Irish solidarity with Palestine is a heartbreaking and bittersweet thing to consider in the middle of a genocide, in the approximate season of Saint Patrick’s Day.
I am celebrating my amateur genealogist’s claim to a little potato famine era immigrant heritage by listening to Hozier and drinking beer and whiskey and getting up on a soapbox for a second.
The starvation of an entire population as a weapon against civilians in warfare is a despicable move for any nation, let alone a nation whose people were starved to death in concentration camps and ghettos.

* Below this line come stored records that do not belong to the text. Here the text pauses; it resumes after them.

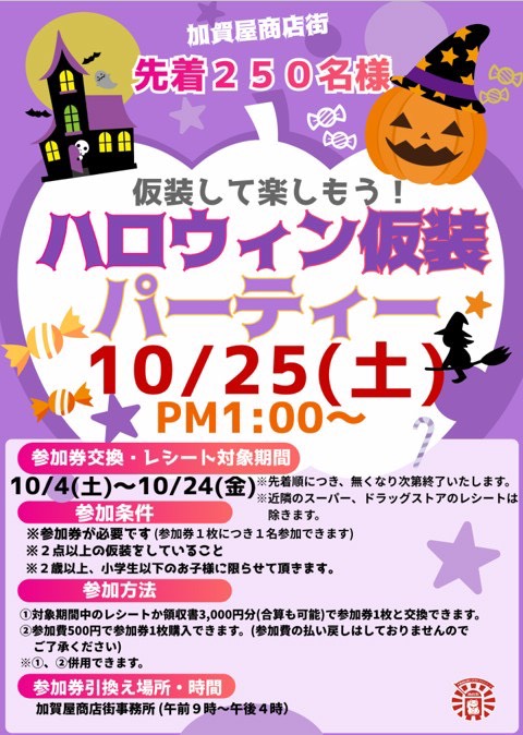 加賀屋商店街で2025年10月25日(土)にハロウィン仮装パーティーが開催されます!
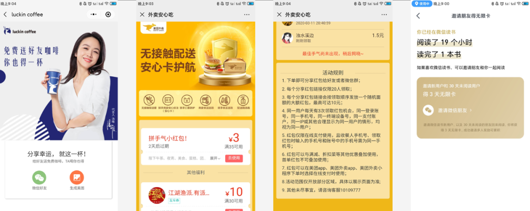 典型案例:瑞幸咖啡、美团红包、微信读书
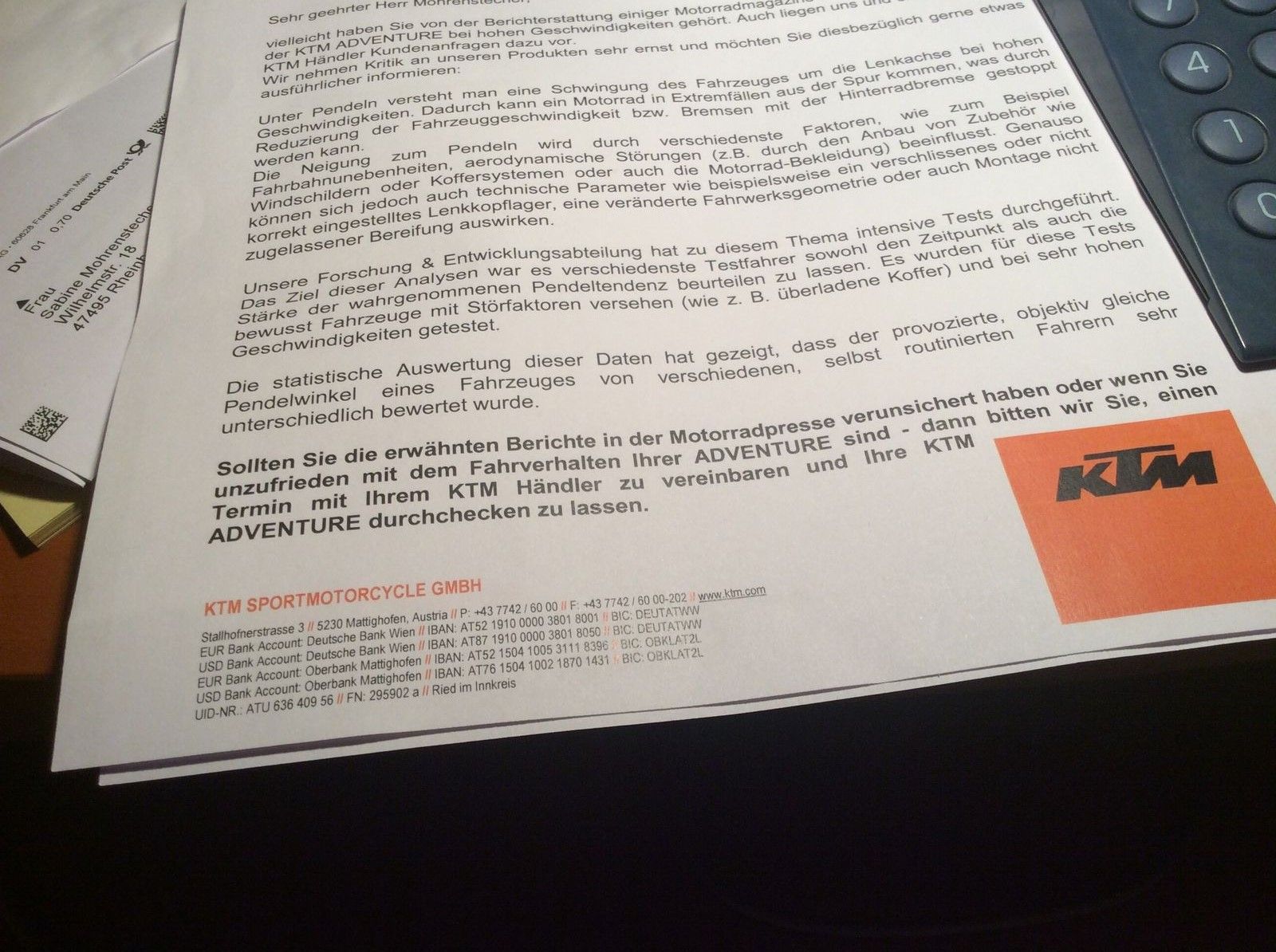 Haben alle 1190 Besitzer gestern Post von KTM bekommen und wurden zum kostenlosen Check von Moped nebst Fahrwerk etc. wegen V.a. Hochgeschwindigkeitspendeln eingeladen ?

We said never again, or don’t you remember?
Offerring famine relief as bait for an ambush to attack innocent children looking for food is despicable.
I am disgusted by the US supplying the weapons and the bombs for the military that flattened cities and then air dropping cold rations out of the sky onto the refugee camps that would not have existed if our country hadn’t kept vetoing a ceasefire at the UN.
A man sit himself on fire and died of his injuries and asked that his ashes be scattered in a Free Palestine but the protest which has stuck with me the most is the man who filled the streets of a city in the Netherlands with thousands of pairs of children’s shoes but the photos of the shoes were not in black and white they were in color they were taken yesterday.
Around the world people who are using their platforms to speak up are being disciplined at work, told to be quiet, arrested.
It should not be socially questionable to speak up in opposion to a fucking genocide.
Never again means never again and it doesn’t matter whose families are the gods damned target.
I guess I’m going to step down off my soap box, for now.